Mechanical Air Filters

Air filters are installed as part of your heating and air conditioning system. They are most commonly installed in the air handler that distributes clean air to the rest of your house. As the air passes through the filter, particulates, bacteria and viruses, pollen, pet dander and other contaminates are trapped and removed from your air supply. Depending upon your needs, the filters come in varying sizes: some are designed to filter very tiny contaminates like viruses, while others are made to trap larger particulates like dust. Ask the experts at Clean Air Act, Inc. which filter is right for your Oregon City home air filtration needs.

Electronic Air Filters

Electronic air cleaners differ from mechanical air filters in that they use an electronic charge to trap particles similar to the way static electricity works. There are several types of electronic air filters. Electrostatic precipitators are installed in your air handler where they draw air across an ionized section of the filter and attach a positive electrical charge to the particles in the air. These charged particles are attracted to, and accumulate on, negatively charged collector plates.

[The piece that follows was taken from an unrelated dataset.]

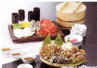
山盛りさのこ石焼料理

*石焼料理【古代焼】は白川郷より移築した合掌造り内で提供する、大滝鍾乳洞の名物料理です。囲炉裏風の食事会場内で平らに加工した鉄平石の上で、肉や野菜等を豪快に焼き上げてお召し上がり下さい。

Ion generators, another type of electronic filter, work in a similar way but without the collector plates. These devices emit charged ions into the air where they attach to other particles and collect on objects like furniture, walls or the ground.

Oregon City Home Air Filtration Installation Experts

Your family deserves to breathe clean air. For people suffering from existing respiratory problems, air filtration can be a necessity. Whole home filtration systems can reduce allergy flare-ups that result from pollen, dust and other pollutants like pet dander. Many homes in the Oregon City area are well-insulated which can leave little room for ventilation of normal allergens. Clean Air Act, Inc. has a full range of products that can remove pollutants from your air and ensure that you and your family are comfortable all year long.

For more information about improving the air quality in your Oregon City home with products such as an Aprilaire Air Cleaning system, give Clean Air Act, Inc. a call today!

Plants & Indoor Air Quality

Wednesday, November 2nd, 2011

In our Molalla elementary school, we were taught that plants are the “lungs of the Earth.” They remove carbon dioxide from the air and release oxygen, which is great because it is the exact opposite of our respiratory process. They also clean the air in the process, like natural air pollution scrubbers, improving the quality of the air around them.

Given this, it’s not surprising that people have sought to harness the respiratory power of plants to improve air quality in their homes. One study by the National Aeronautics and Space Administration (NASA) in the 1980s even identified the best plants for improving indoor air quality.

This seems like great news for people who suffer from asthma or allergies, or who just want a natural way to purify the air in their homes. However, plants are not without their drawbacks. It is not a simple as to just bring a plant into the home. A plant is really an entire ecosystem, with many other organisms latched on for dear life. There are bacteria in the soil, for one, and there may be bugs or fungi in the soil or on the plant that you can’t even see.

Most of these are harmless, but not always. The fungus can be a problem, for example, if the spores get into the air. This can make allergies and asthma worse, not better.

That doesn’t mean you have to toss out that nice spider plant or Boston fern in the garbage, however. After all, it is probably doing a great job of filtering out some inorganic pollutants, it’s increasing the oxygen concentration of the room and it looks nice. Instead of getting rid of it, just give it a partner.

Adding an air cleaner like a fan with a filter can help purge the organic gunk that may be coming from the plant, while the plant is taking care of the other stuff. The result is cleaner, better air, which can be a relief to asthma and allergy sufferers.